The latest data for May shows Industrial Production declined, coming in at -0.16%. This print disappointed consensus expectations of 0.05% and contributed to an acceleration in the three-month trend relative to the twelve-month trend. We show the sequential evolution of the data below:
We break this print into its contributions from production coming from Food (-0.04%), Energy (-0.05%), Autos (0.04%), and All Other Items (-0.11%). Additionally, we also showcase the top 10 contributions by industry. The largest contributor this month was Fuels, and the largest detractor was Converted fuel:
We zoom out to offer further context on the dynamics of industrial production. Over the last year, industrial production has expanded by 0.23%. Below, we present the top six drivers of industrial production, with the three strongest industries highlighted in blue (Fuels, Other Materials, and Transit) and the three weakest industries highlighted in red (Converted fuel, Primary energy, and Residential utilities):
Over the last few decades, the importance of food, energy, and automobiles has risen, accounting for a significant amount of the variation in industrial production. Over the last year, food, energy, and automobiles have contributed 0.73% to the 0.23% change in industrial production. We show this impact below:
To further assess the health of the current expansion of industrial production, we examine the diffusion of the 28 subsectors we track. This involves examining the number of industries that are expanding versus those that are contracting. We find that 61% of industries are contracting. Below, we visualize how a diffusion index has generally been a good barometer of the durability of upturns and downturns in industrial production:
To elaborate further, currently, 11 industries are expanding and contributing 1.56% to industrial production, compared to 17 industries showing contraction and detracting -1.42% from industrial production growth compared to one year prior. We visualize their respective weighted contributions below:
Overall, the latest data continues to suggest weakness in the manufacturing sector, and given cyclical dynamics, these pressures are likely to intensify.

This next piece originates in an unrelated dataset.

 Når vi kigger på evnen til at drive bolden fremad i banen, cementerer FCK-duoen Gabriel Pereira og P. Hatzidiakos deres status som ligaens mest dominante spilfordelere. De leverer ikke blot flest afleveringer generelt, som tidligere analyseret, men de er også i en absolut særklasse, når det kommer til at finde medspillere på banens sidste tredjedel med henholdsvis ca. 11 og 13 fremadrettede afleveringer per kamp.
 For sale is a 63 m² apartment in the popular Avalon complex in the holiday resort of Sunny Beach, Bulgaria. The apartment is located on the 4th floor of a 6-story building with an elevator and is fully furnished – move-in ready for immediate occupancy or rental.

With these dynamics in place and the weakness in earnings (shown below), the pressures on equities continue to build.
Many macro factors affect asset prices; principally, they are growth, inflation, and liquidity. Based on current and forward-looking measures, we think growth is not a supportive factor to equities and has not been for a while. Our cyclical rotation strategy, which seeks to avoid recession risk in equities, remains in cash.

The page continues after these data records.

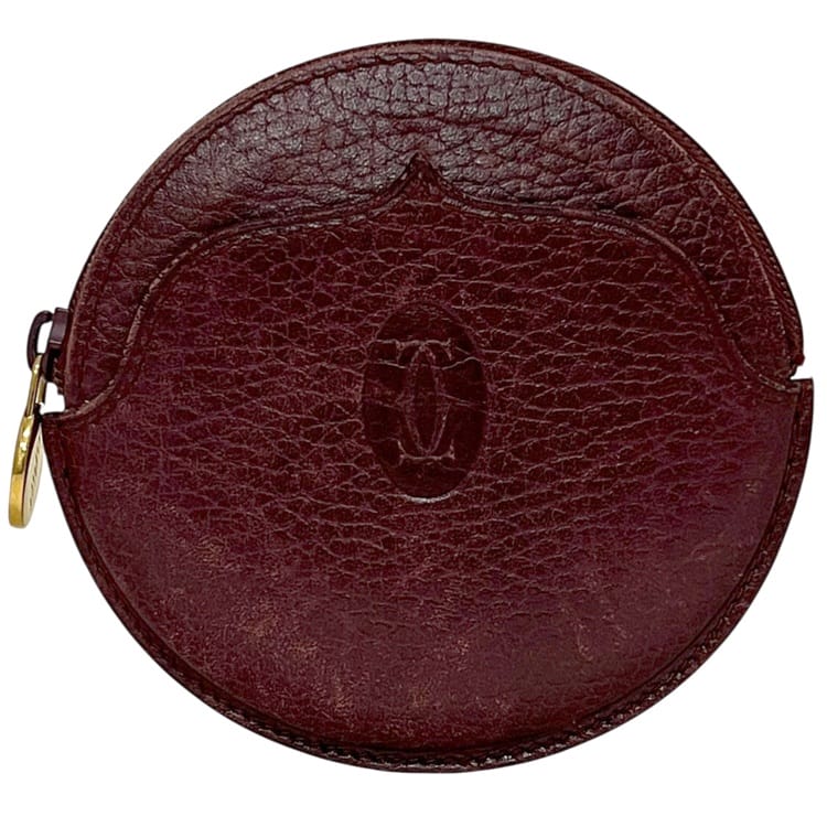 カルティエ コインケース ボルドー マスト 小銭入れ レザー 中古 Cartier ファスナー ラウンド ワンポイント ロゴ 財布...
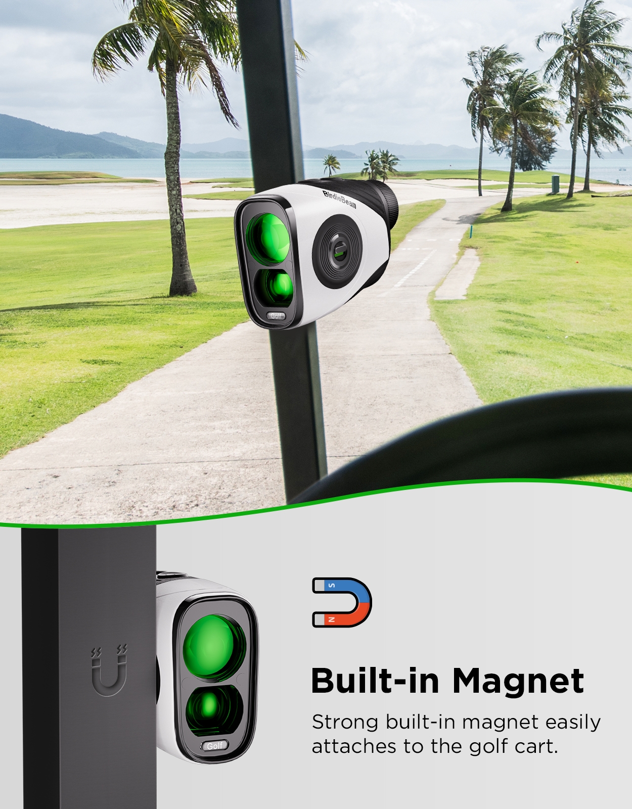 - Compact size with built-in magnet for easy access: measuring just 4.31in × 2.90in × 1.69in, this rangefinder is compact and easy to carry. a strong built-in magnet allows secure attachment to golf carts for quick, one-handed access during play.
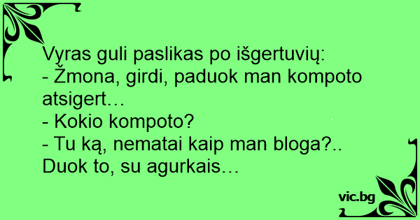 - Tu ką, nematai kaip man bloga?.. Duok to, su agurkais…
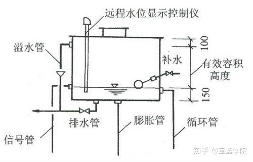 膨胀水箱上的配管有膨胀管、信号管、溢水管、排水管和循环管等。从信号管至溢出水管之间的膨胀水箱容积,就是有效膨胀容积。
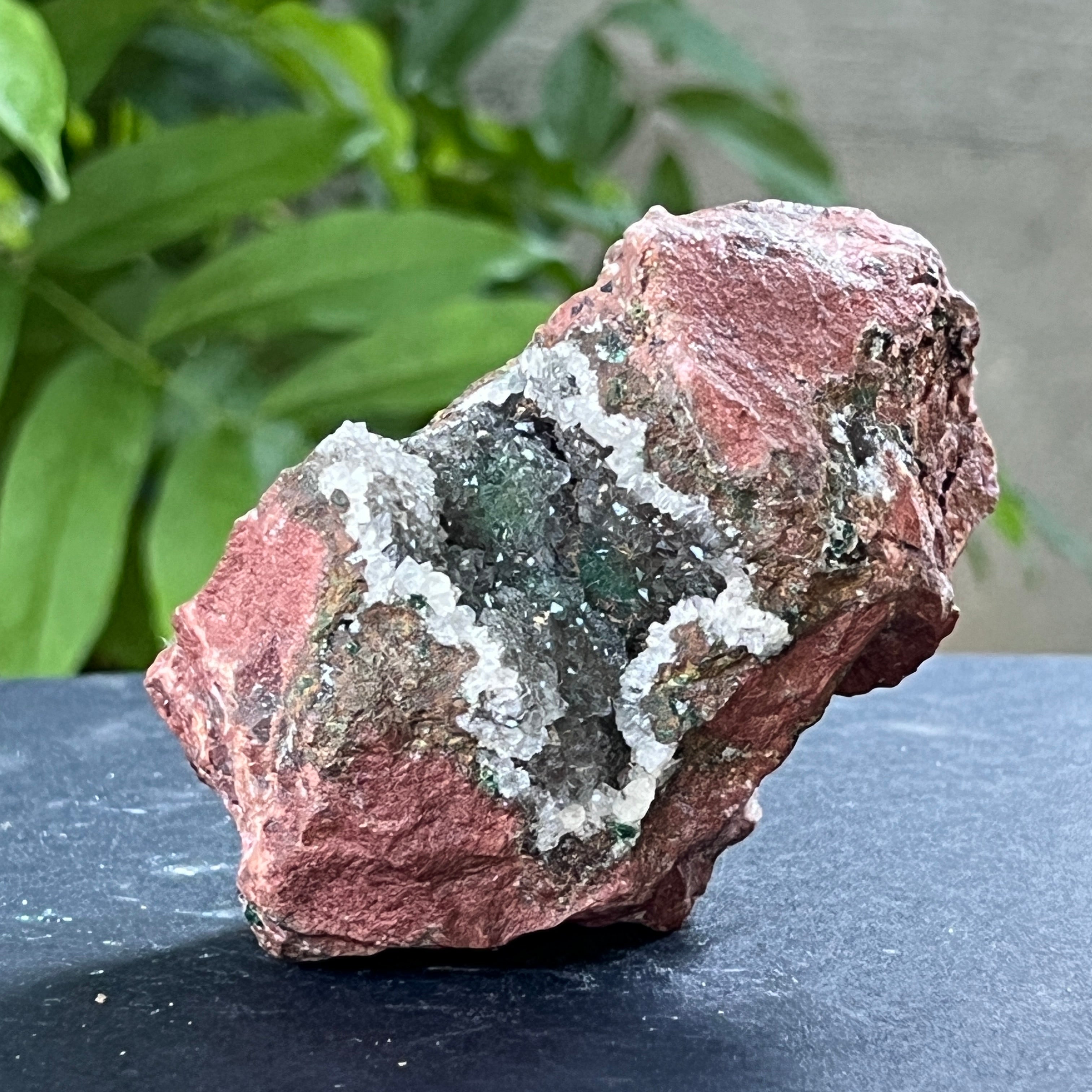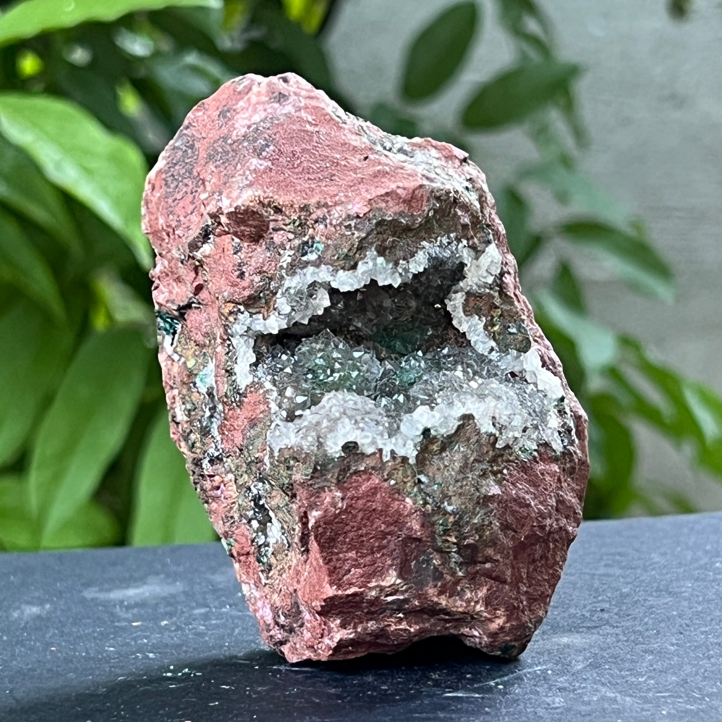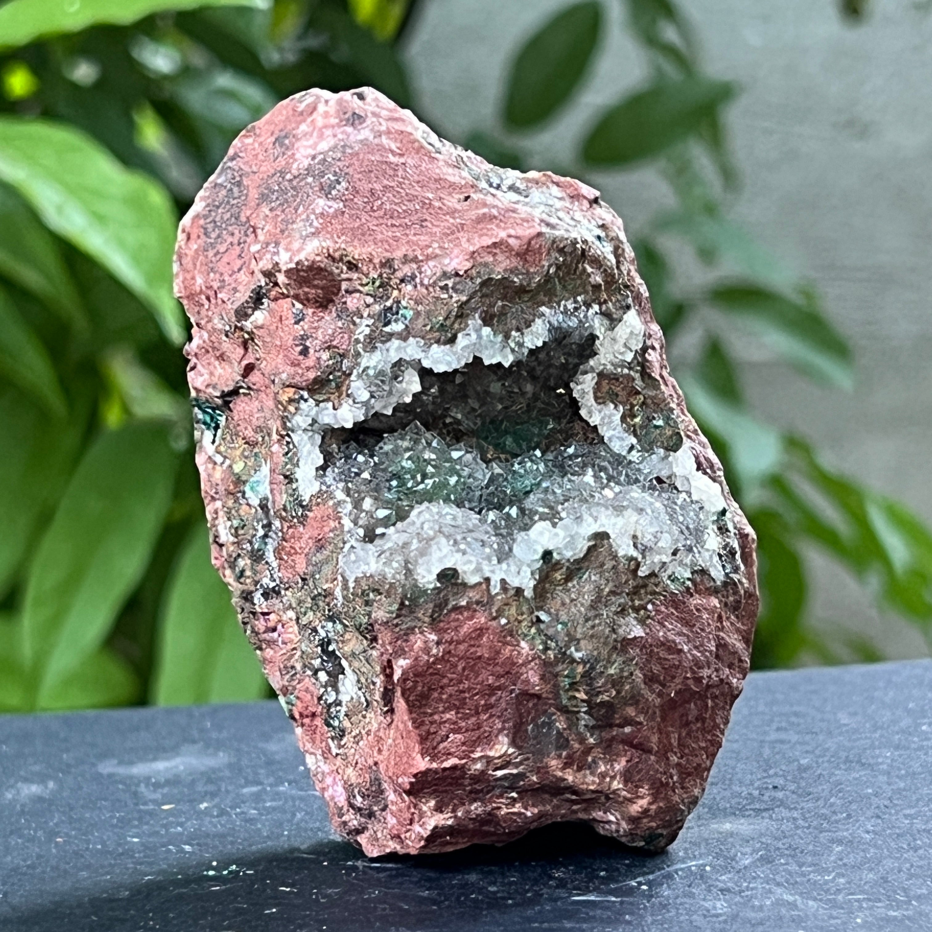 Редък фрагмент от естествена алхимия, където деликатната светлина на доломита се преплита с наситенозеления малахит, всички вкоренени в силна медна матрица. Този автентичен клъстер носи в себе си бавната история на земята – среща между спокойствие, трансформация и жизнена сила.

There is a range of reasons one might be long equities at this junction— disinflationary market pricing, liquidity improvements, short-term regime dynamics, or perhaps even bubble-timing alpha. However, cyclical growth is not one of them. Indeed, our ETF portfolio has been long equities for a while now, as it considers various factors in executing positions. However, we think it is essential that investors understand the risk they underwrite when they buy equities at this junction— it’s not because real growth dynamics are likely to accelerate from here.